# 4. Customized dataset

## data list dataset

Suppose your dataset can be represented as a list and each data point can 
be accessed separately with some function.
The list dataset descriptor helps you to transform your reader function to 
a dataset loader, with a handy option to split your dataset.
The list can be your list of filenames of structures, or identifiers to 
retrive you data points, e.g. ID from some online database.
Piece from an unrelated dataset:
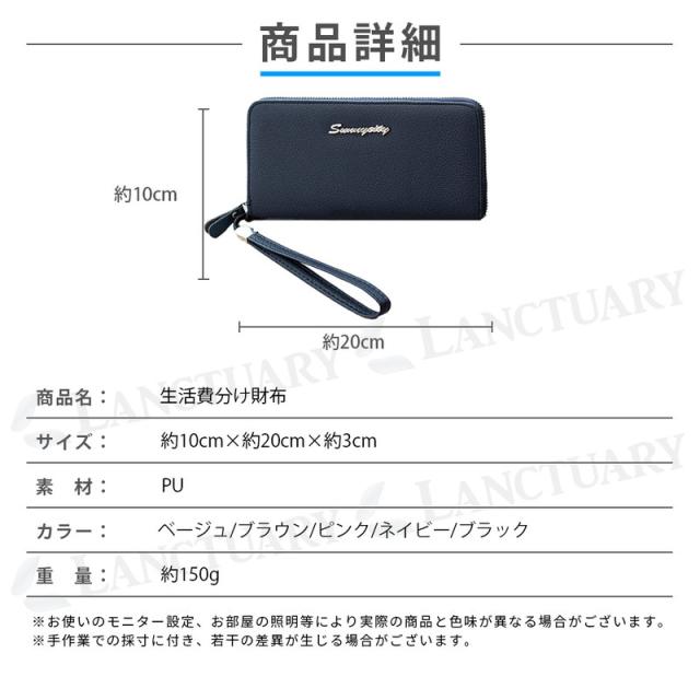 | 主な仕様 | 商品名: 生活費分け財布 素材:PU サイズ: 約10×約20×約3cm カラー: ベージュ/ブラウン/ピンク/ネイビー/ブラック |
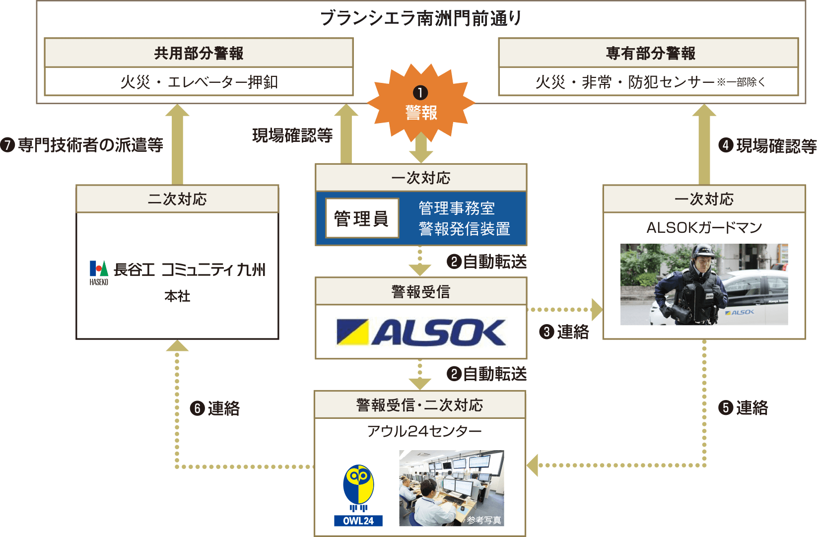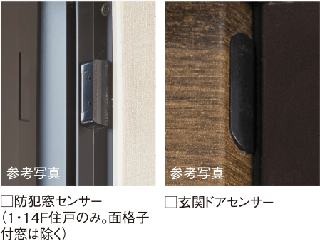 防犯センサーを玄関ドアと一部窓に設置しています。設定時にこれらが開けられると、センサーが反応し、住戸内の情報盤が警報を発報、管理事務室を経由して警備会社へ通報されます。

The advantage of this approach is that you only need to write the reader for 
one data point, 
and you can get the tensorflow dataset objects with reasonably optimized IO.
Later, it's also easy to convert your dataset into the TFRecord format 
if you need to train on the cloud or further import the IO.

We'll demonstration with a list of ASE atoms.

In [1]:
from ase import Atoms
datalist = [Atoms(elem) for elem in ['Cu', 'Ag', 'Au']]

For the purpose of training ANN potentials, you typically need to provide the 
elements, coordinates and potential energy of a struture. 
In addition, you need to specify the maximum number of atoms in one structure
in advance.

Your reader function should take one list element as input, 
and return a dictionary consisting of:

- `'atoms'`: the elements of shape [n_atoms]
- `'coord'`: the coordinates of shape [n_atoms, 3]
- `'e_data'`: a single number

After you have got your reader function, decorate it with the `list_loader`
decorater to transform it into a dataset loader.

In [2]:
from pinn.datasets.base import list_loader

@list_loader()
def load_ase_list(atoms, n_atoms):
    import numpy as np
    coord = atoms.positions
    elems = atoms.numbers
    # Currently, we demand all the import structures to have the same shape.
    # If atoms have different number of atoms, we have to pad them with zeros.
    to_pad = n_atoms - len(atoms)
    elems = np.pad(elems, [0,to_pad], 'constant')
    coord = np.pad(coord, [[0,to_pad], [0,0]], 'constant')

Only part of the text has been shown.